MediaWiki provide a variety of ways for users to communicate with one another. These include talk pages for potentially large-scale discussions, personal communication via user talk pages (and potentially via more social networking-like interfaces in the future), threaded discussions at the bottoms of pages via some extensions, real-time chat, and finally users emailing each other via the wiki. We'll cover all of these in this chapter.

Talk pages

As we saw in the last chapter, every regular namespace for content in MediaWiki has an associated talk namespace, meant to hold pages used to discuss the contents of pages in that regular namespace. In the interface, one of the elements that usually shows up automatically for each page is a link to that page's corresponding talk page; in most skins this is the second tab within the top row of tabs. A page and its corresponding talk page will have the same name, but in different namespaces; for instance, the talk page for “University of Chicago” would be “Talk:University of Chicago”, while the talk page for “Category:Universities” would be “Category talk:Universities”.

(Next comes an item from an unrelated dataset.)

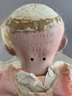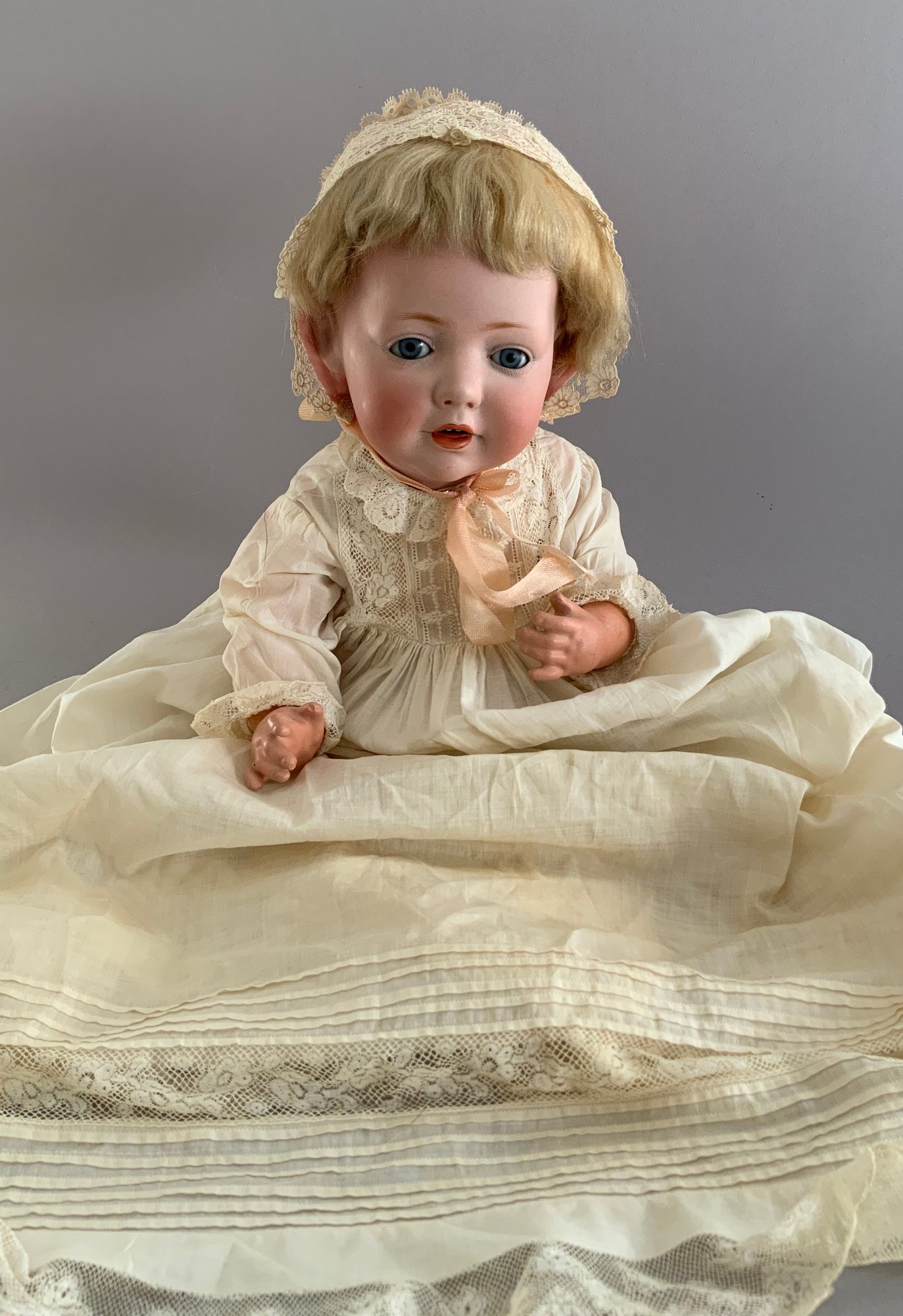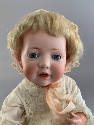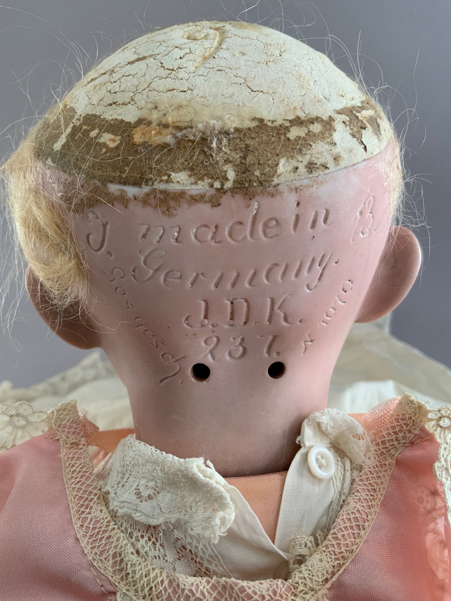 16” JDK 237 “Hilda”, blue glass eyes, OM wit teeth, blonde mohair wig, plaster pate (excessive wig glue), compo baby body, white dress (few holes)

Talk pages in MediaWiki, in general, are intended only for discussion of the corresponding page and how to improve it, and not for discussion of the page's underlying topic – that holds true for both Wikipedia and internal organizational wikis. There are two major exceptions to that, though. Talk pages for users, i.e. pages in the “User talk:” namespace (in English), are usually used for communication with that user, and only rarely to discuss the contents of the user page itself. And on wiki pages meant for documenting some technical topic, like a piece of software, the talk page can often turn into an informal venue for questions and answers about the page's topic.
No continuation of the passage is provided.